4.1 The “what” of self-adapting data migration

If adaptation is advisable, then there are two options of self-adaptation that can be distinguished:

Step 1: Initiation of a migration strategy that satisfies all constraints.
Step 2: Adjusting the parameters of the selected migration strategy.

Ideally, the choice of a migration strategy and its parameters are adapted to suit the migration scenario and fulfill all required constraints.

4.2 The “when” of self-adapting data migration

Let us gather criteria for adaptation in order to be able to determine how data migration can be self-adapting. Criteria that make data migration advisable in order to approximate an optimal decision on the tradeoff between latency and migration costs, and/or the tradeoff between precision and recall, respectively, can be taken from stipulated service-level agreements (SLAs). They can also be inquired of software project stakeholders or deduced from non-functional requirements such as usability, performance, and availability.

We investigate the following criteria:

Compliance with an average or maximum latency when accessing data, or a change in latency within a certain period, as a quantitative descriptor.
Compliance with a maximum limit for migration costs within a certain period as a quantitative descriptor accounting for budgetary liabilities.
Compliance with a maximum migration debt at a certain point in time as a quantitative descriptor accounting for necessary budgetary provisions.
Compliance with an average or minimum precision when accessing data, or a change in the precision within a certain period, as a qualitative descriptor for the relevance of past migrations.
Compliance with an average or minimum recall within a certain period as a qualitative descriptor for the relevance of past migrations.
Compliance with a maximum database entropy as a qualitative descriptor accounting for the fact that data migration for multi-type operations is considerably more expensive than for single-type operations.

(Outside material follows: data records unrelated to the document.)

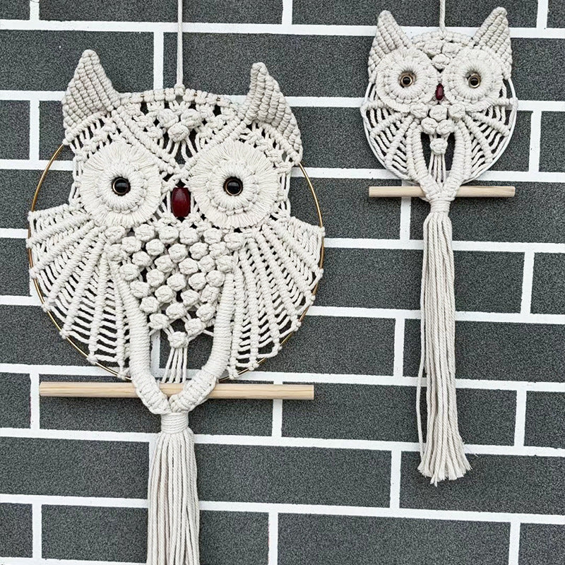 Add a touch of bohemian charm to your home with this handcrafted Owl Wall Hanging, now available in two sizes and customizable colors! Each piece is lovingly woven with premium natural cotton and adorned with wooden beads, paired with a complimentary faux eucalyptus sprig to enhance its organic, earthy appeal. Perfect for eclectic interiors, nurseries, or as a meaningful gift, this owl wall decor blends artistry with nature-inspired elegance.
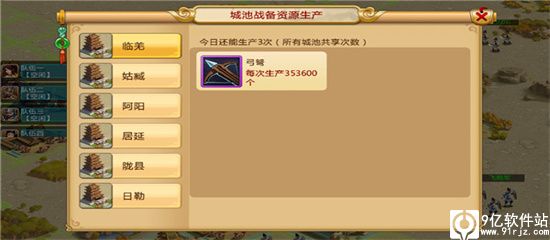 另外我们攻打城池后,每日有3次机会在城池里生产材料,记得别忘记这种免费的好事哦。
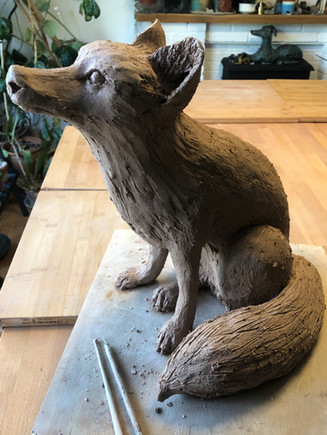 We have a fox that visits the Clayhouse garden regularly. We don't see it often but there's a clear track through the garden where it travels through. I was inspired to make a fox and here it is.

In a self-adapting database, the question when to adapt data migration can be answered in respect of the above: If a threshold value of stipulated requirements of the SLAs is exceeded, then actions are taken accordingly and automatically, so that it does not require a repeated inquiry of or intervention by stakeholders. Notwithstanding the above, it is conceivable that adaptations can also be implemented by software developers proactively without formally stipulated SLAs, yet the discussed options and criteria should be assessed carefully in order to comply with the best practices of database management.

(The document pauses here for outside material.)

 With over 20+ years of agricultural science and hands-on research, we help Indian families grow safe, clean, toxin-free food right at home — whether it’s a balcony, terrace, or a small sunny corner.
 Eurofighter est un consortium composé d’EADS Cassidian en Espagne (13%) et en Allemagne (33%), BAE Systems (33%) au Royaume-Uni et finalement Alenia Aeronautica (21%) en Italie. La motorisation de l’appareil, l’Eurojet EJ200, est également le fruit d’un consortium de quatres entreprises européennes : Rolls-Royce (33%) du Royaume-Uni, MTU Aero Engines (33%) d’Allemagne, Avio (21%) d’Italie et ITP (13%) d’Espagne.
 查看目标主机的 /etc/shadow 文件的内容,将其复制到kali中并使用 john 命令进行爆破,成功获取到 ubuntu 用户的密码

4.3 The “how” of self-adapting data migration

In the following, we describe how adjustments to migration strategies can be made automatic based on the previously determined options and criteria. Depending on the distribution of data entity accesses that have to be served, what we call the workload pattern, several use cases can be distinguished. The remainder of this section is thus structured as follows: We distinguish by the kind of query workload pattern, i.e., whether the data accesses of the workload can be assumed to be localized or whether this information is not available. We discuss for both cases how adjustments can be put into effect automatically based on the previously determined options and criteria in order to approximate an optimal decision on the tradeoffs between latency and migration costs and/or between precision and recall.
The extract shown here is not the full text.